*** Opening RECORDS SHOWN ***

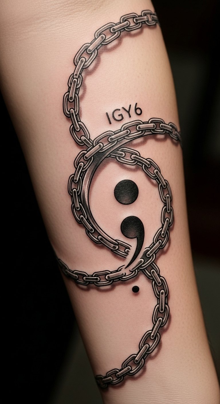 This tattoo design embodies the powerful message of resilience and support. The intertwined chains represent the unbreakable bonds shared with those who stand by you, while the IGY6 semicolon serves as a reminder of loyalty and perseverance.
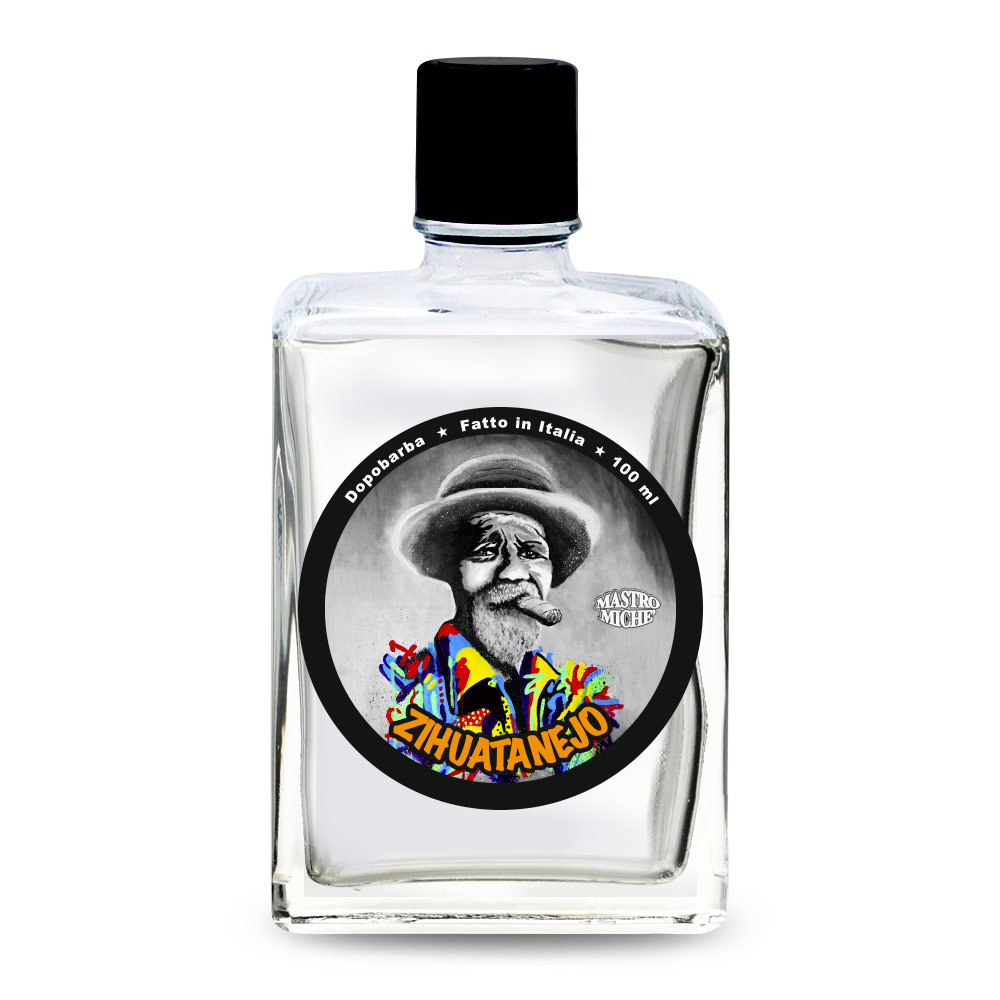 Aftershave Zihuatanejo recuerda México. El encuentro entre Mastro Miche ‘ y Daniele Sorrenti, diseñador gráfico, pintor y trotamundos también es inevitable; así, “el hombre del puro” se convierte en el emblema del jabón de afeitar Zihuatanejo, fragancia fresco e espinoso, domesticado porextracto de aloe, del aceite esencial de Litsea Cubeba y por ‘Aceite de semilla de uva.
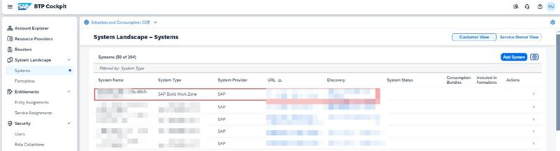 b.5.14. Şimdi System Landscape’in altında, SAP Build Work Zone tipinde kayıtlı yeni bir sistem görmeniz gerekmektedir. Bu sistem, daha önce oluşturmuş olduğumuz SAP Build Work Zone subscription’dan otomatik gelerek System Landscape ‘e eklenmiştir.
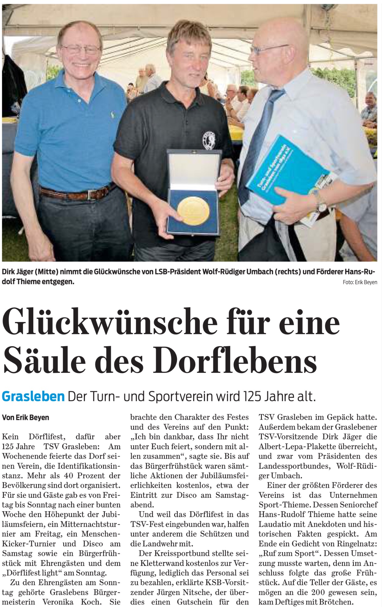 Ganz besonders bedanken wir uns bei den vielen fleißigen Helfern, die ihre Hilfe unentgeltlich eingebracht haben: Susanne Noerthen-Ulfikowski für Planung und Umsetzung, Jägermeister, die Krachlatten für Nadros Feuerwehr, Trautis Zelt, Stormis Stehtisch und die großartige Unterstützung allgemein, Christiane und Uwe Horn für das große Zelt, die Blumenstube mit Tina Schräder für das Blumengesteck, Christian Moritz für 50 Liter Freibier, Fa. Schliephake für die Tisch-Deko, der Kreissportbund für den Kletterturm, die Gemeinde Grasleben für die Hüpfeburg, die Schützen und Feuerwehr für Bierzeltgarnituren, die Landwehr für Bierzeltgarnituren und das zweite große Zelt, Kai-Elmar Ganselweit für die Moderation des Menschenkickerturniers, Klaus Weste für die Turnierleitung beim Mitternachtsturnier, verschiedene Abteilungen des TSV insbesondere Unihockey um Kalle Stempel, Fußball um Steffi, Elke und Kai Vogel sowie Sven Koch, Fitness um Ted Dörge sowie der Vorstand nebst Familien!
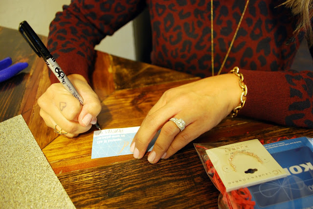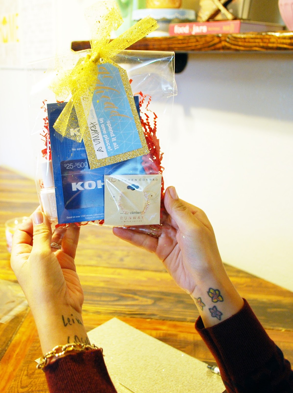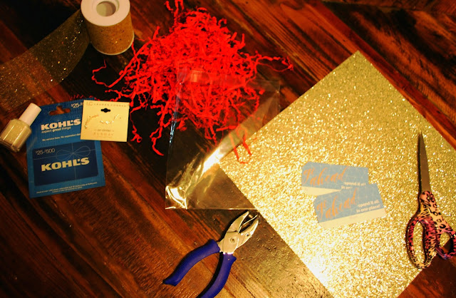 Now, the gift card is the star of the show, but I like to include one or two small items from the store that the gift card is for. In this case I grabbed some adorable earrings (I may or may not have bought a pair for myself too...) and a nail polish one of my favorite colors, Marshmallow. These little extras take your gift card gift to the next level.
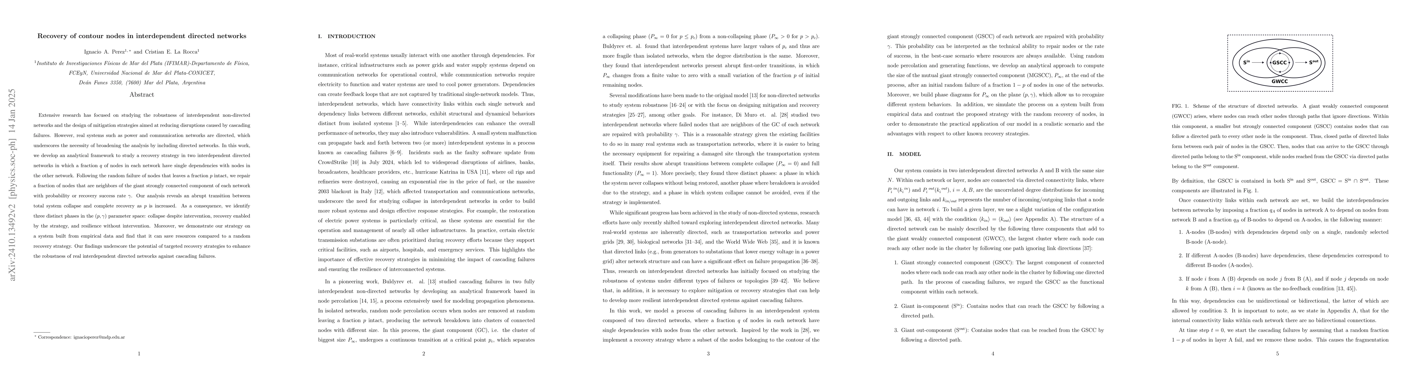 This study explores recovery strategies for interdependent directed networks, revealing an abrupt transition between full collapse and complete recovery based on intervention probability. An analytical framework using node percolation and generating functions identifies three distinct regions in the $(p, \gamma)$ plane, showing conditions where intervention is necessary, sufficient, or unnecessary to prevent cascading failures.
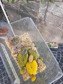Salve si cedono cedono splendidi pulli di paroocchetto dal collare da imbecco di varie mutazioni, abituati già all imbecco fin dai primi giorni di vita soggetti italiani per qualsiasi informazione contattateci
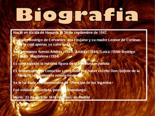 Miguel de Cervantes nació en 1547 en Alcalá de Henares, España. Fue un soldado, novelista, poeta y dramaturgo conocido principalmente por haber escrito Don Quijote de la Mancha. Algunas de sus otras obras importantes incluyen La Galatea, Novelas ejemplares y Los trabajos de Persiles y Sigismunda. Murió en 1616 en Madrid a la edad de 68 años.
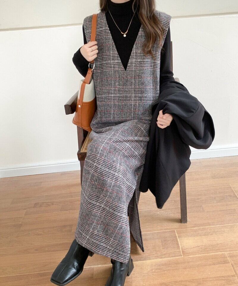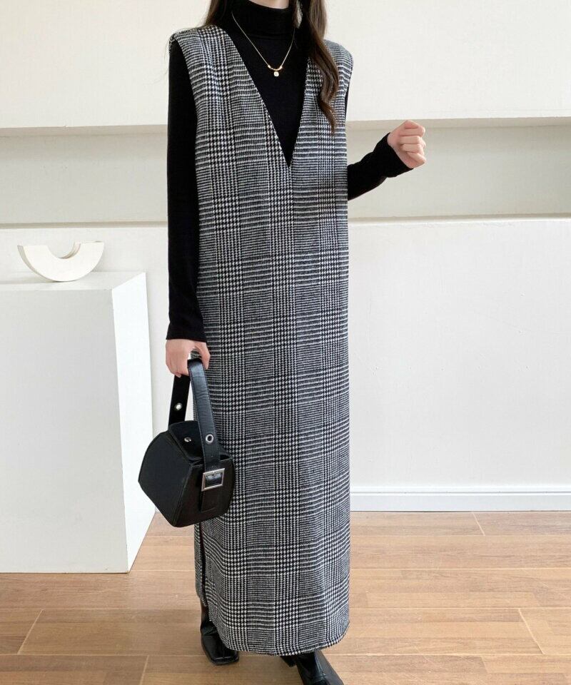 すとんと縦に落ちるiラインシルエットで細見え華奢な印象に。
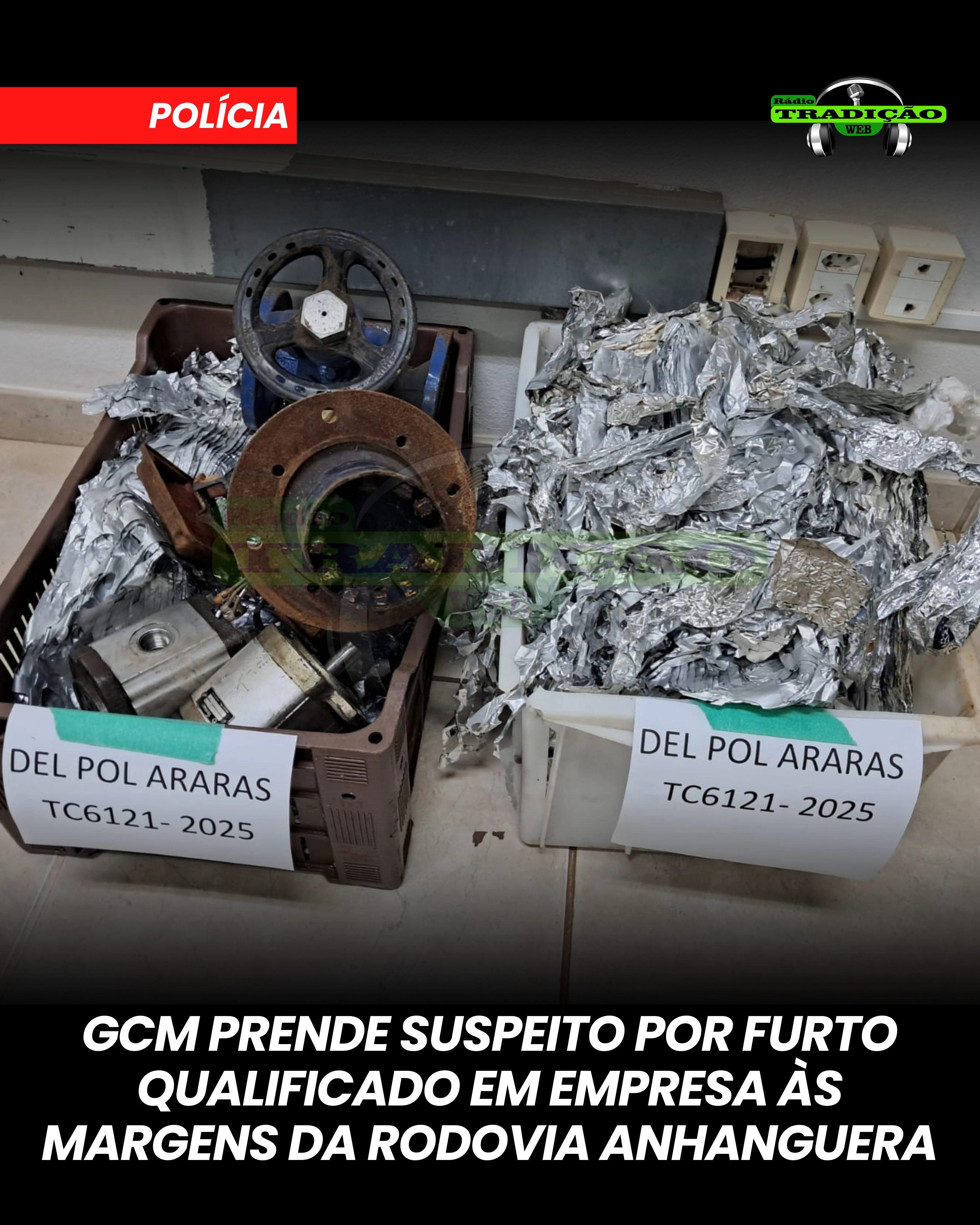 A Guarda Civil Municipal de Araras prendeu, na noite de terça-feira (31), um homem em flagrante por furto consumado qualificado em uma empresa localizada às margens da Rodovia Anhanguera, na altura do km 167, em uma estrada rural nos fundos do local.
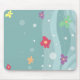 Cool abstract flowers, strings of beading, white dots, and waves of pastel aqua.
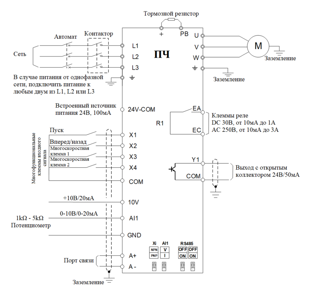 | Аналоговый вход | AI1: 0-10 В или 4-20 мА (выбор), F02.62 |
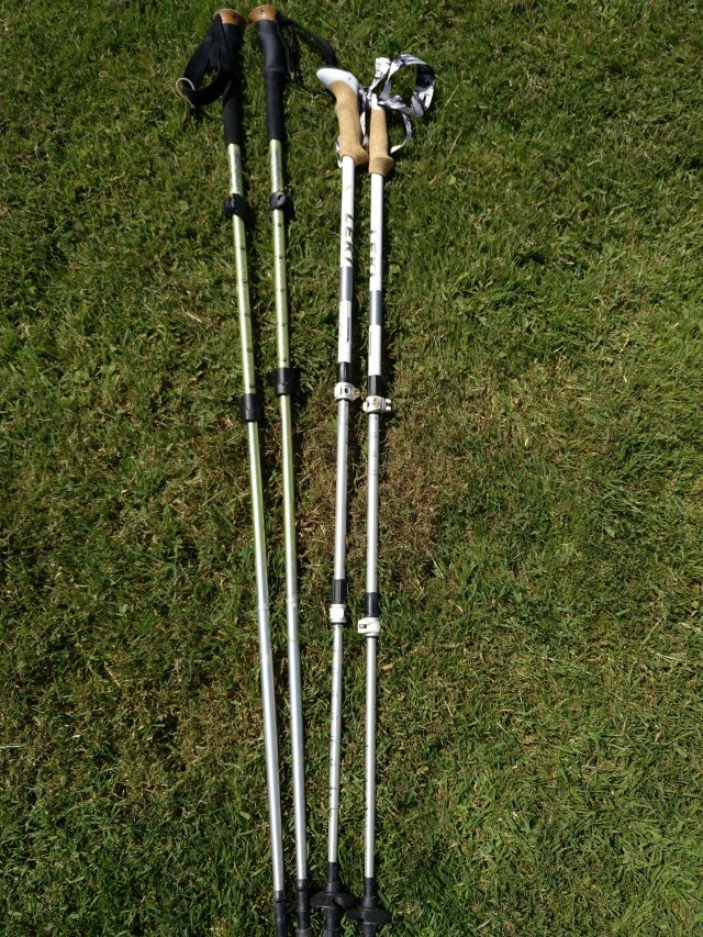 Die Stöcke sind echt Multitalente. Sie sind nicht nur gut, um das Rucksackgewicht besser zu verteilen und die Schultern und den Rücken zu entlasten. Gerade mit den Hunden ist es super. Man kann die Hunde etwas dirigieren mit den Stöcken. Sie auch nahe bei sich halten, wenn Autos kommen, oder einfach mehr Platz einnehmen auf der Straße, wenn die Hunde schlecht zu sehen sind. Ansonsten haben sie mich jetzt schon vor so manchem Sturz bewahrt. Wenn Blondi mal schnell los zieht, kann ich mich mit den Stöcken abfangen, sie aber auch mit den Stöcken etwas stoppen.
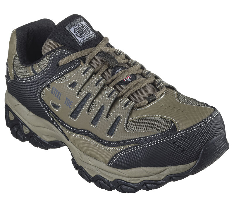 Skechers Work Shoe: Durable leather, synthetic and mesh fabric upper on a lace-up casual steel toe work design with stitching and overlay accents and cushioned Memory Foam insole. Durable high-abrasion textured leather upper. These are Work Shoes made by Skechers.
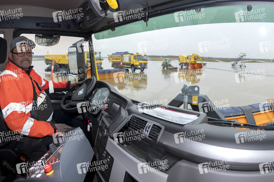 Im Schneeräumfahzeug beim Presse-Fototermin zum Winter-Fuhrpark des Flughafens Köln Bonn Airport. Köln, 11.12.2019
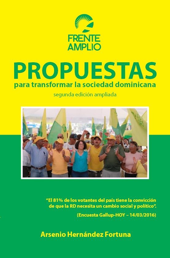 Portada de la obra PROPUESTAS para transformar la sociedad dominicana, de la autoría de Arsenio Hernández Fortuna, vicepresidente del Frente Amplio; un aporte en el presente debate electoral. Está disponible en https://www.amazon.com/-/es/dp/9945188941/
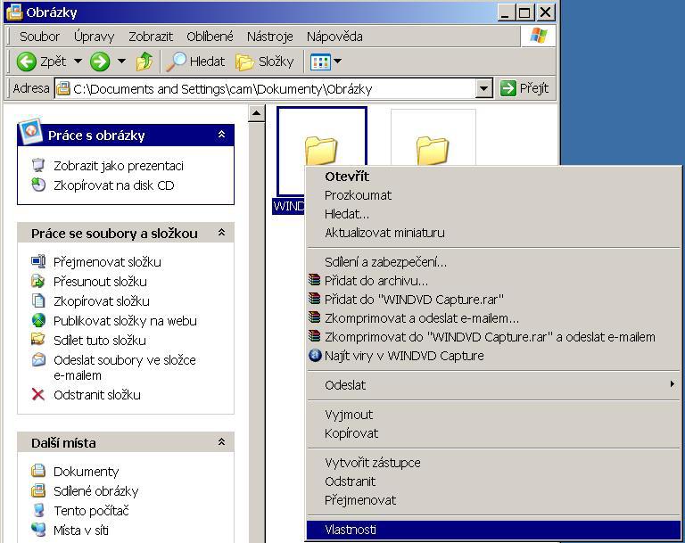Otevřeme na složku (adresář) u které chceme změnit nastavení zobrazení. Na vybranou složku klikněte pravým tlačítkem myši a z nabídky vyberte „Vlastnosti“.
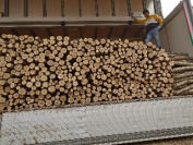 そんな中、甥っ子達が本日到着した楢の原木の枠詰め作業のお手伝いを行いました。
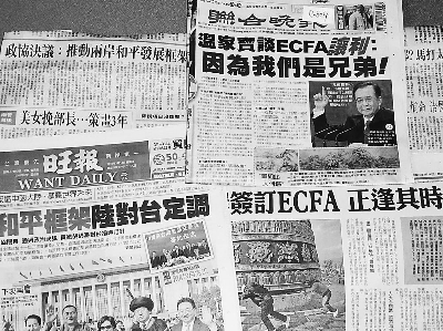 今天下午出版的《聯(lián)合晚報》在頭版頭條以《溫家寶談ECFA讓利:因為我們是兄弟》為題,圖文并茂報道了全國人大閉幕和溫家寶總理的記者會!堵(lián)合報》特派記者汪莉絹因為在記者會上向溫總理提出了有關(guān)兩岸的問題,溫家寶總理對此進行了詳細解答,為此引發(fā)了島內(nèi)媒體的廣泛報道和熱烈討論!堵(lián)合晚報》還在第二版幾乎用了整版,進行相關(guān)報道。
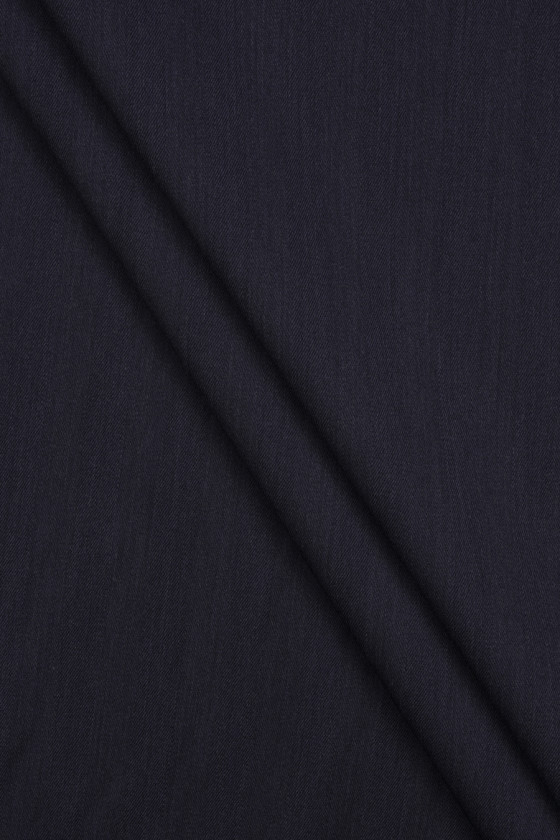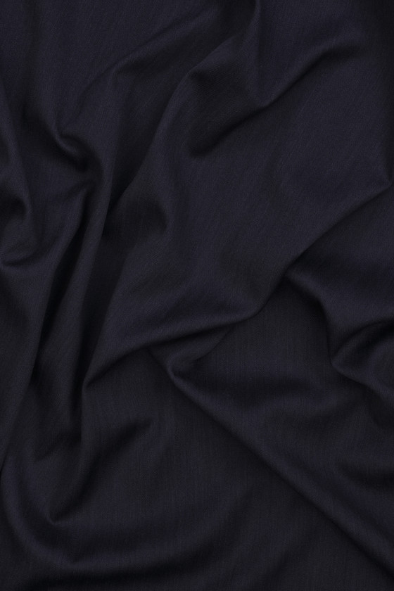Olasz jelmezszövet gyapjúból és selyemből szőtt sötétkék színben, azonos színű csíkokkal. 2 cm széles csíkok. Nagyon jó minőségű anyag, puha, nagyon húsos, rugalmatlan. Tökéletes jelmez, öltöny, nadrág, szoknya, ruha varrásához.
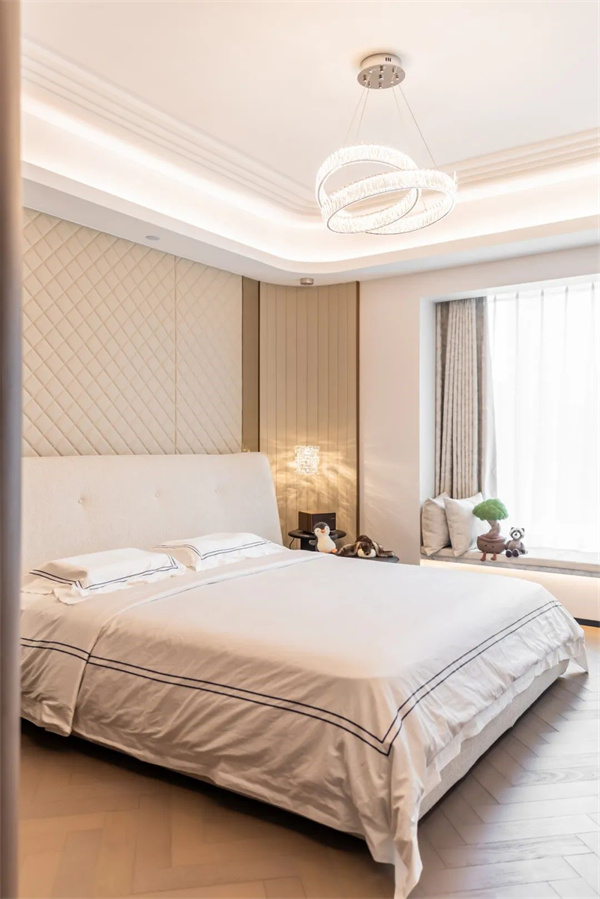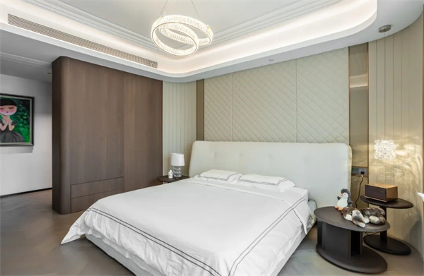 臥室的設(shè)計(jì)上用了簡約的線條為核心元素,意式輕奢風(fēng)在講述真正的永恒經(jīng)典,柔軟的床和精致的床頭裝飾營造出豪華的感覺,搭配絲綢質(zhì)地的床品和柔和的色彩,營造出溫馨而舒適的睡眠環(huán)境。

*** Closing RECORDS SHOWN ***

▸ **WHAT YOU HAVE TO DO**:
Please print the lines exactly, from the top of the material through the line with "Now, the gift", and omit the pictures.

▸ **EXERCISE RESPONSE**:
 This tattoo design embodies the powerful message of resilience and support. The intertwined chains represent the unbreakable bonds shared with those who stand by you, while the IGY6 semicolon serves as a reminder of loyalty and perseverance.
 Aftershave Zihuatanejo recuerda México. El encuentro entre Mastro Miche ‘ y Daniele Sorrenti, diseñador gráfico, pintor y trotamundos también es inevitable; así, “el hombre del puro” se convierte en el emblema del jabón de afeitar Zihuatanejo, fragancia fresco e espinoso, domesticado porextracto de aloe, del aceite esencial de Litsea Cubeba y por ‘Aceite de semilla de uva.
 b.5.14. Şimdi System Landscape’in altında, SAP Build Work Zone tipinde kayıtlı yeni bir sistem görmeniz gerekmektedir. Bu sistem, daha önce oluşturmuş olduğumuz SAP Build Work Zone subscription’dan otomatik gelerek System Landscape ‘e eklenmiştir.
 Ganz besonders bedanken wir uns bei den vielen fleißigen Helfern, die ihre Hilfe unentgeltlich eingebracht haben: Susanne Noerthen-Ulfikowski für Planung und Umsetzung, Jägermeister, die Krachlatten für Nadros Feuerwehr, Trautis Zelt, Stormis Stehtisch und die großartige Unterstützung allgemein, Christiane und Uwe Horn für das große Zelt, die Blumenstube mit Tina Schräder für das Blumengesteck, Christian Moritz für 50 Liter Freibier, Fa. Schliephake für die Tisch-Deko, der Kreissportbund für den Kletterturm, die Gemeinde Grasleben für die Hüpfeburg, die Schützen und Feuerwehr für Bierzeltgarnituren, die Landwehr für Bierzeltgarnituren und das zweite große Zelt, Kai-Elmar Ganselweit für die Moderation des Menschenkickerturniers, Klaus Weste für die Turnierleitung beim Mitternachtsturnier, verschiedene Abteilungen des TSV insbesondere Unihockey um Kalle Stempel, Fußball um Steffi, Elke und Kai Vogel sowie Sven Koch, Fitness um Ted Dörge sowie der Vorstand nebst Familien!
 Now, the gift card is the star of the show, but I like to include one or two small items from the store that the gift card is for. In this case I grabbed some adorable earrings (I may or may not have bought a pair for myself too...) and a nail polish one of my favorite colors, Marshmallow. These little extras take your gift card gift to the next level.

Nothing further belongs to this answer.